***** DATA PROVIDED

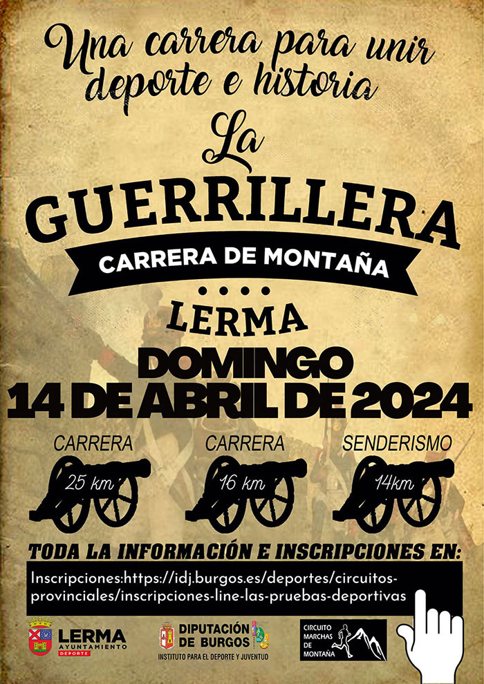 La Carrera de Montaña "La Guerrillera" se celebrará el próximo 14 de abril de 2024 con salida a las 9:30 h de Castrillo de Solarana los senderistas, salida a las 10:00 h en la Plaza Mayor de Pineda Trasmonte los de la carrera larga y a las 10:45 h de la Plaza Mayor de Rabé de los Escuderos los de la carrera corta y llegada todos a la Plaza del Mercado Viejo de Lerma.
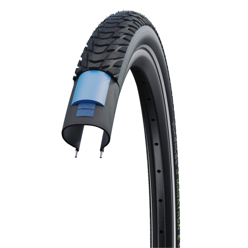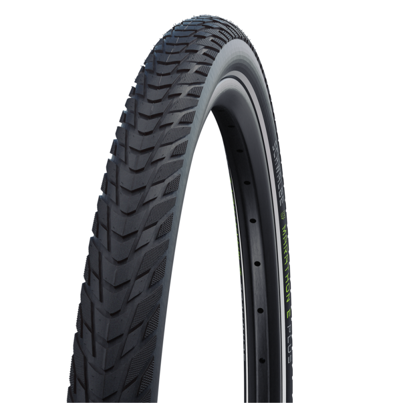 FLAT-LESS ESPECIALLY FOR E-BIKES. Maximum riding safety at high speeds and on long tours. Highest Marathon quality tires refined for the special demands of an E-Bike.
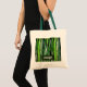 Um saco de tote com um tema asiático. Uma fotografia de uma fileira de caules verdes e amarelados de bambu.
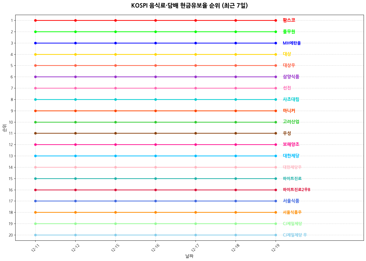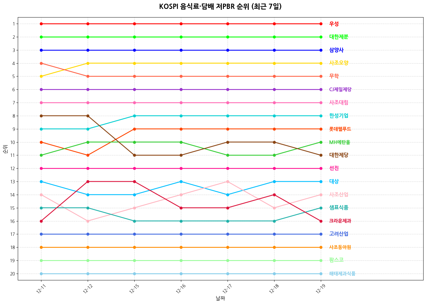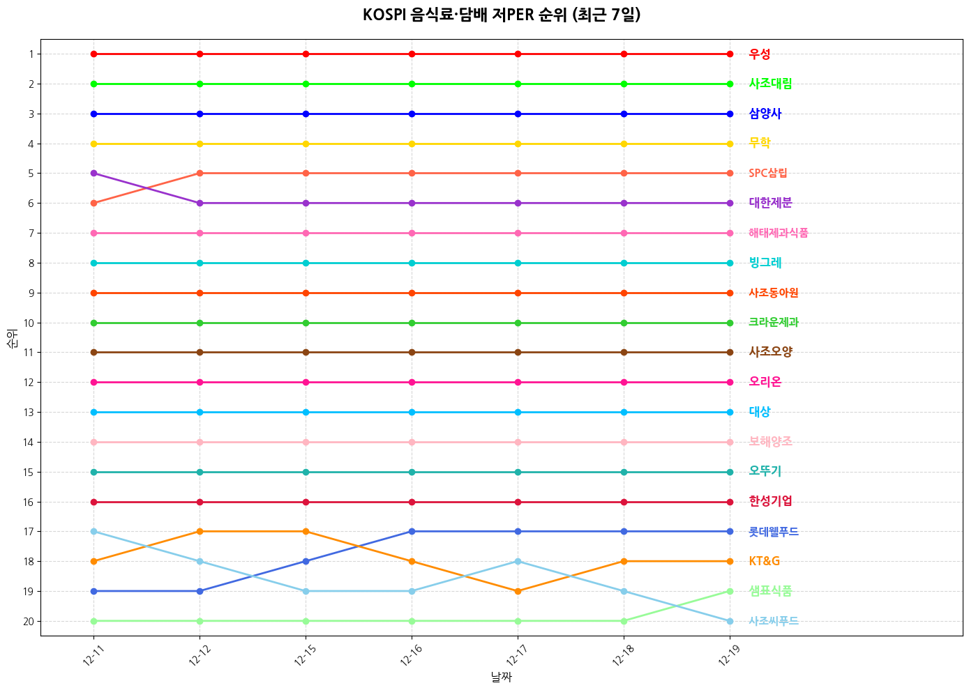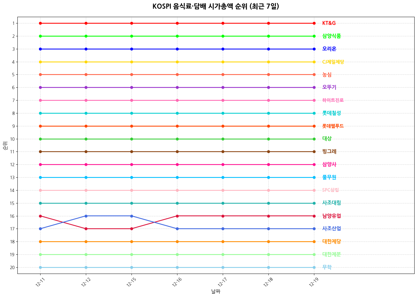 2️⃣ 코스피 음식료·담배 기업 순위 (대형주)

**********

WHAT TO WORK ON |
Retype each line above exactly. Leave the images out.

EXERCISE OUTPUT |
 La Carrera de Montaña "La Guerrillera" se celebrará el próximo 14 de abril de 2024 con salida a las 9:30 h de Castrillo de Solarana los senderistas, salida a las 10:00 h en la Plaza Mayor de Pineda Trasmonte los de la carrera larga y a las 10:45 h de la Plaza Mayor de Rabé de los Escuderos los de la carrera corta y llegada todos a la Plaza del Mercado Viejo de Lerma.
 FLAT-LESS ESPECIALLY FOR E-BIKES. Maximum riding safety at high speeds and on long tours. Highest Marathon quality tires refined for the special demands of an E-Bike.
 Um saco de tote com um tema asiático. Uma fotografia de uma fileira de caules verdes e amarelados de bambu.
 2️⃣ 코스피 음식료·담배 기업 순위 (대형주)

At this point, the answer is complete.